**Aim of the task**
Could you set down the records below exactly as they are, with no pictures?

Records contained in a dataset

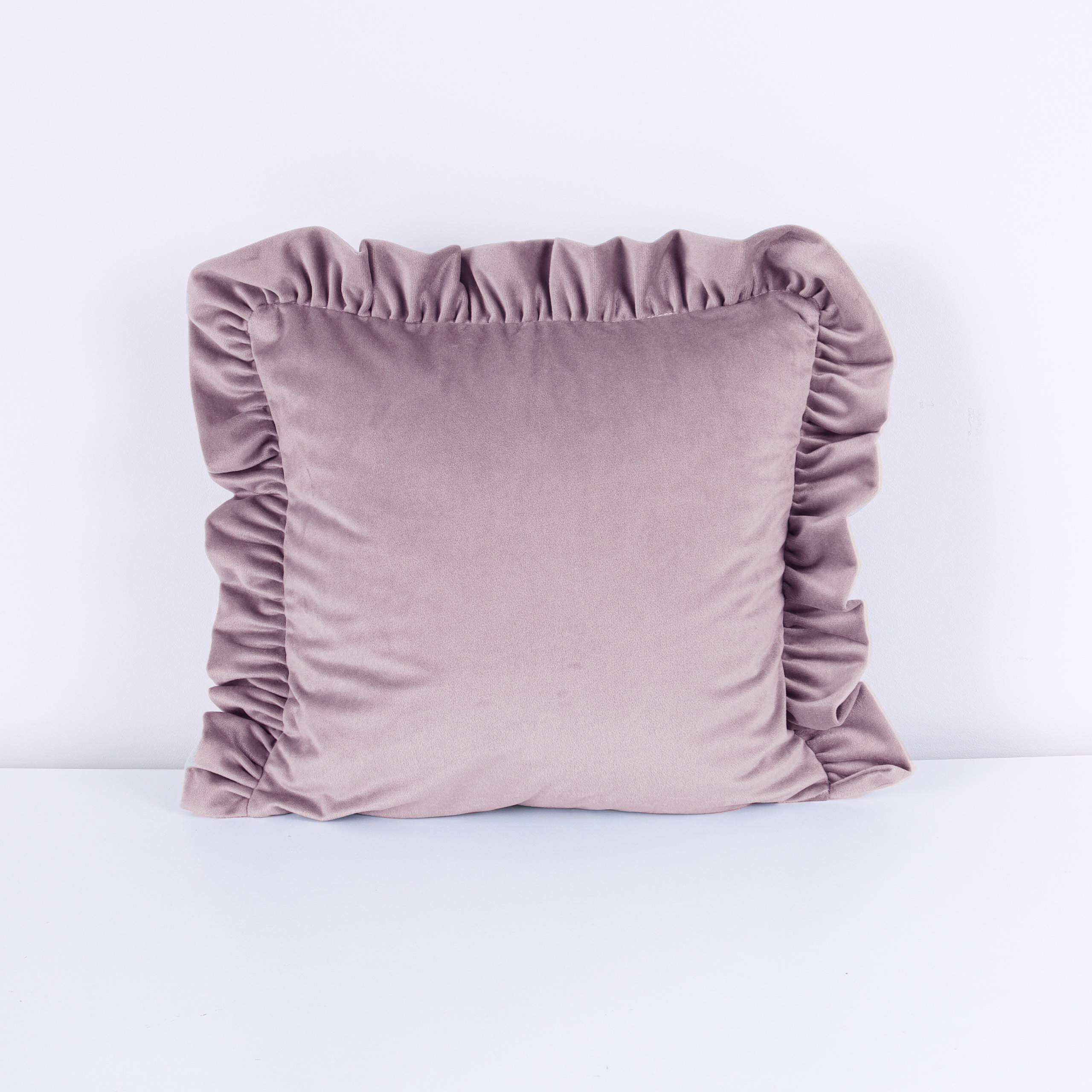 Poszewka welwetowa z falbanką – Pudrowy róż
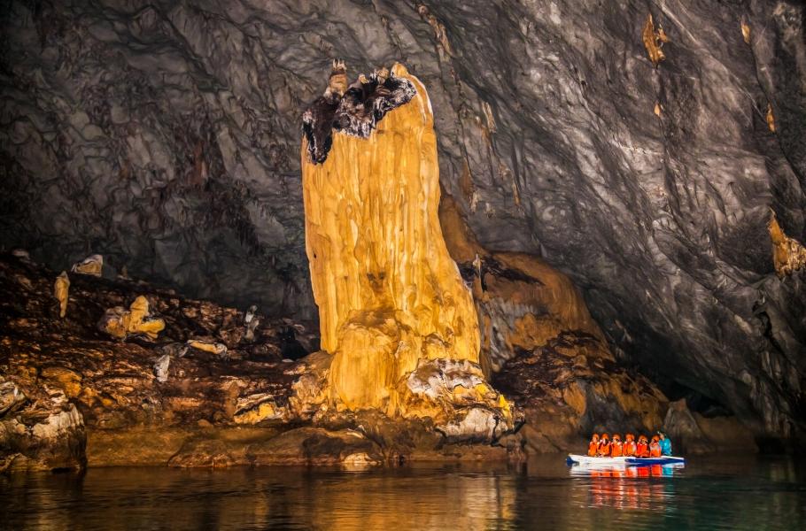 Puerto-Princesa Subterranean River – tak zní celý název národního parku v krasové oblasti filipínského ostrova Palawan. Nedotčenou vápencovou jeskyní St. Paul protéká v délce 8 km řeka Cabayugan a přímo na pláži ústí do Jihočínského moře. Její dolní poloslaný tok ovlivňuje příliv, přičemž se jedná o celosvětově jedinečný úkaz. Řeka je splavná až v délce 4 km a z loděk lze obdivovat nádherné oranžovožluté stalaktity i stalagmity, jež se odrážejí v její průzračné azurové hladině. Jeskyně ukrývá také gigantické komory, které nemají jinde na planetě konkurenci.
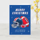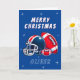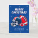 Tarjeta de Navidad Merry al Personalizado de Cascos de la Bola de Fútbol. Navidades de fútbol divertidos y modernos. Con un atrevido ilustracion personalizado de fútbol y casco de colores azul y rojo. Añade tu nombre.
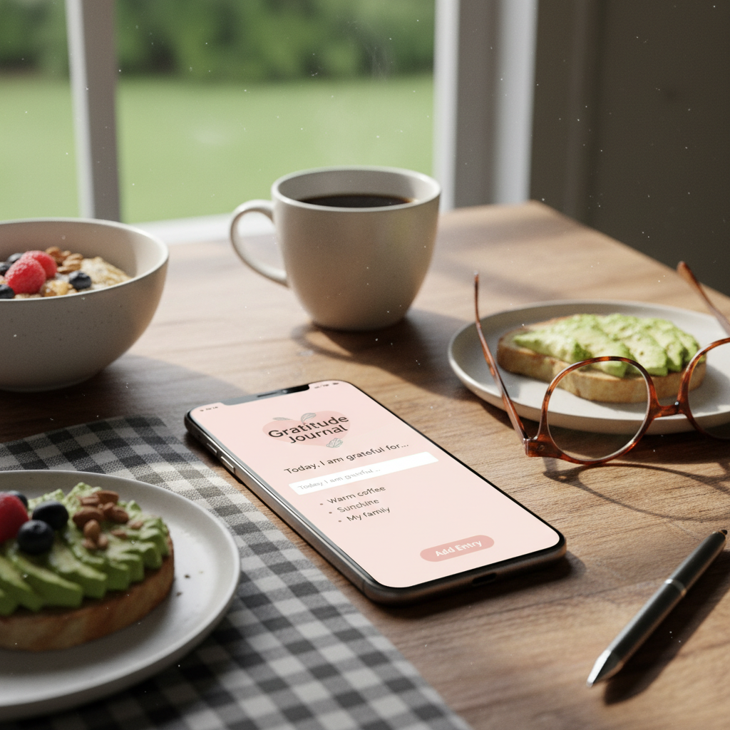 Telefon z aplikacją AI do praktyki wdzięczności na stole śniadaniowym – poranny rytuał nowej generacji.
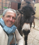 1.Foto: bei Erfurt arbeitete ich ein paar Tage auf einem Eselhof und ich half dem kleinen Tilo, die Esel von der Koppel zu holen: Film
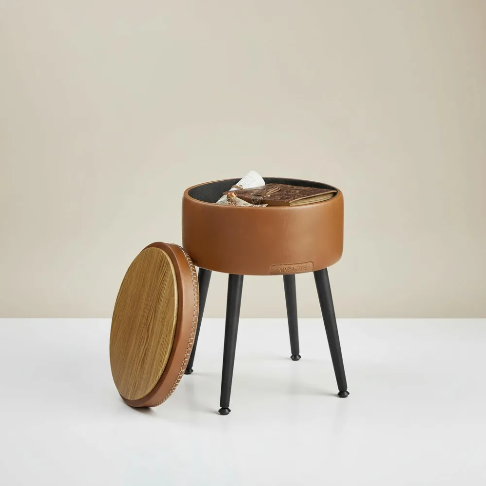 Mid-Century Modern Storage Ottoman, Vanity Chair Stool, Synthetic Leather, 330 lb Capacity, Caramel Brown for Home Decor $48.95

**Completed exercise**
 Poszewka welwetowa z falbanką – Pudrowy róż
 Puerto-Princesa Subterranean River – tak zní celý název národního parku v krasové oblasti filipínského ostrova Palawan. Nedotčenou vápencovou jeskyní St. Paul protéká v délce 8 km řeka Cabayugan a přímo na pláži ústí do Jihočínského moře. Její dolní poloslaný tok ovlivňuje příliv, přičemž se jedná o celosvětově jedinečný úkaz. Řeka je splavná až v délce 4 km a z loděk lze obdivovat nádherné oranžovožluté stalaktity i stalagmity, jež se odrážejí v její průzračné azurové hladině. Jeskyně ukrývá také gigantické komory, které nemají jinde na planetě konkurenci.
 Tarjeta de Navidad Merry al Personalizado de Cascos de la Bola de Fútbol. Navidades de fútbol divertidos y modernos. Con un atrevido ilustracion personalizado de fútbol y casco de colores azul y rojo. Añade tu nombre.
 Telefon z aplikacją AI do praktyki wdzięczności na stole śniadaniowym – poranny rytuał nowej generacji.
 1.Foto: bei Erfurt arbeitete ich ein paar Tage auf einem Eselhof und ich half dem kleinen Tilo, die Esel von der Koppel zu holen: Film
 Mid-Century Modern Storage Ottoman, Vanity Chair Stool, Synthetic Leather, 330 lb Capacity, Caramel Brown for Home Decor $48.95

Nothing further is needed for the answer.